A segunda experiência é com torturados. Eu tive mais experiências com torturados do que com torturadores. Foram certamente centenas, se não chegaram a milhares. Alguns puderam desabafar mais pessoalmente e outros deram por escrito toda a experiência para passarem por uma catarse e, portanto, purificarem a própria vida.

Com todos os torturados eu pude verificar uns fenômenos que até parecem contraditórios. Por exemplo, quase todos eles eram suaves e não queriam vingança. Coisa bem curiosa, mas muitos deles tinham sido despersonalizados.
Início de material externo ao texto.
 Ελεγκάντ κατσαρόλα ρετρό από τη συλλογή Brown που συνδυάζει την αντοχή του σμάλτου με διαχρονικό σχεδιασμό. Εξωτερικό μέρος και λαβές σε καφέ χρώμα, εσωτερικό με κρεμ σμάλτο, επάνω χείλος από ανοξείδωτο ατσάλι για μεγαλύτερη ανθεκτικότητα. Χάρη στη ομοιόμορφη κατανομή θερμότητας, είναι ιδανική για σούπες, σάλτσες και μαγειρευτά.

Quer dizer que a tortura vai tirando uma por uma as fatias da pessoa humana a ponto de ela empobrecer tanto e não ser mais como era antes: afável, bondosa, cheia de iniciativas, cheia de amizades. A tortura forjou uma outra pessoa e empurrou para dentro dela uma outra forma diversa da dela.

Eu me lembro de um caso: um professor veio me apresentar a sua filha que, aos 22 anos, foi torturada durante 10 dias sem culpa nenhuma, sem nenhuma atividade política. Depois, quando voltou para casa, o pai não a reconheceu mais em todas as reações dela. E mesmo quando a trouxe a minha presença ela ficava sentada, sem reação, e via o pai todo nervoso falando que "se a filha reconhecer o torturador, eu mato essa pessoa, porque levei 22 anos para formar uma filha e agora, veja, não tem mais nada do que era a minha filha. Não é mais ela; só fisicamente é a mesma". Essa moça se tornou totalmente alheada a tudo que se passa.
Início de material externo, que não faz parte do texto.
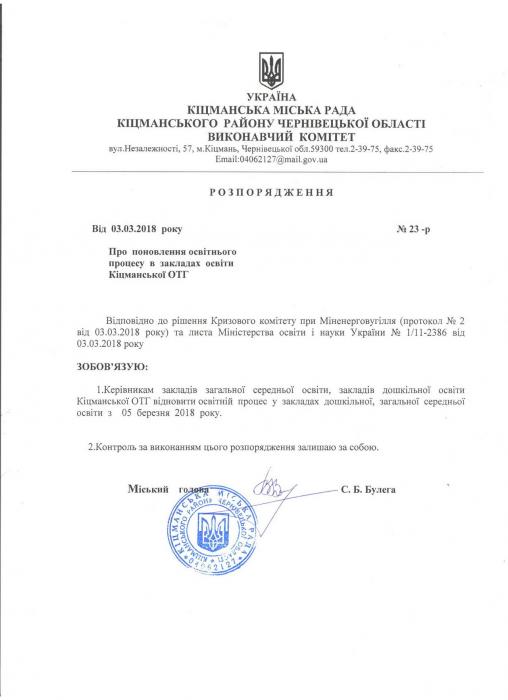 ³äïîâ³äíî äî ð³øåííÿ Êðèçîâîãî êîì³òåòó ïðè ̳íåíåðãîâóã³ëëÿ (ïðîòîêîë ¹ 2 â³ä 03.03.2018 ðîêó) òà ëèñòà ̳í³ñòåðñòâà îñâ³òè ³ íàóêè Óêðà¿íè ¹ 1/11-2386 â³ä 03.03.2018 ðîêó ðîçïîðÿäæåííÿì ì³ñüêîãî ãîëîâè ç 5 áåðåçíÿ 2018 ðîêó â³äíîâëåíî îñâ³òí³é ïðîöåñ ó çàêëàäàõ äîøê³ëüíî¿, çàãàëüíî¿ ñåðåäíüî¿ îñâ³òè ʳöìàíñüêî¿ ÎÒÃ

Me parece que a experiência com torturado é a experiência mais dolorosa que pode existir na vida humana. Você pode encontrar-se com alguém que seja leproso, aidético, mas, com torturado que ficou com as marcas mesmas da tortura, você dificilmente se entende e você deveria exclamar o que Pilatos exclamou diante de Cristo: ecce homo, quer dizer, a que é que reduziram a pessoa humana.

"O que fazer para que a tortura não volte a ser praticada na nossa sociedade, e para que não se crie uma amnésia sobre estes fatos recentes na sociedade brasileira?"
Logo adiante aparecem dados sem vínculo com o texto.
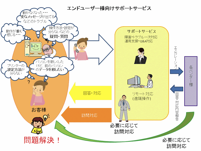 サポートサービスの詳しい内容や連絡先およびリモートサポート用ツールのインストールと設定方法についての資料を郵送(メール添付)いたします。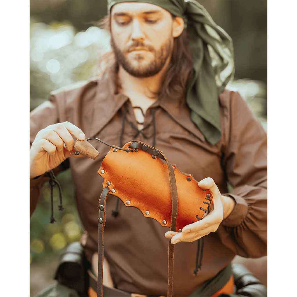 Stay hydrated throughout your adventures with the Doran Water Bottle. This authentic looking water bottle is covered in high-quality leather and adorned with rivets, but the inner lining of the bottle itself is made of food and drink safe PET material. Easy to clean, the bottle is sealed with a wooden plug attached to the leather casing with a cord. The long leather strap makes it easy to stay hydrated on the go, as you can simply toss this water bottle over your shoulder and carry it with you wherever the battle takes you.

Dom Paulo E. Arns — Eu acho que esta pergunta é a mais importante. Foi para isso que nós organizamos um grupo de 25 a 35 especialistas que reuniram todos os processos de torturas ocorridas no Brasil e que foram levados a juízo, quer dizer, foram depoimentos prestados diante de juízes militares. De 1979 a 85, nós pesquisamos esse material e o publicamos sob a forma de livro (Brasil: Nunca Mais, Editora Vozes, 1986) para que não se apague a memória da tortura no Brasil.

De fato, porém, o povo os esquece muito depressa. Eu acho que a educação deve começar desde pequeno. Jamais a mãe deve bater no filho. Jamais o pai deve externar o seu nervosismo em cima do filho, ou gritando com a esposa. Essas coisas não parecem nada, desde pequenos, porque são feitos por pessoas grandes. Elas entram no coração da pessoa e um dia ela se vinga. Dizem que, por exemplo, um pastor alemão, você não pode bater nele porque um dia ele vai avançar em cima de você e vai se vingar. Portanto, nunca faça isso. Muito mais se deve evitar no caso da pessoa humana. Jamais se deve levar uma crueldade para dentro do lar, da escola, da sociedade, em qualquer lugar.

Um segundo ponto que me parece importante é formar sempre grupos de defesa contra a tortura. Por exemplo, nesse momento, em São Paulo, estão sendo torturadas pessoas. Na hora em que lhe dou a entrevista (dia 29 de julho de 87, cerca de 17 horas), em algum ambiente policial, alguém está sendo batido, torturado para poder fazer alguma coisa. Eu estou recebendo, nesse momento, um bilhetinho dizendo que há uma rebelião na Casa de Detenção, com 40 reféns. Você vai ver: depois que isso passar, vão colocar sob tortura algumas pessoas para saber quem é que fez, o que fez, como fez. Nós sempre devíamos protestar. Cada vez que isso acontece nós devíamos estar ao lado das pessoas torturadas e fazer o que nós pudermos fazer. Vamos, então, ver a nossa obrigação, levar a nossa mensagem aos outros e procurar criar um clima de compreensão e de aceitação dos outros como eles são.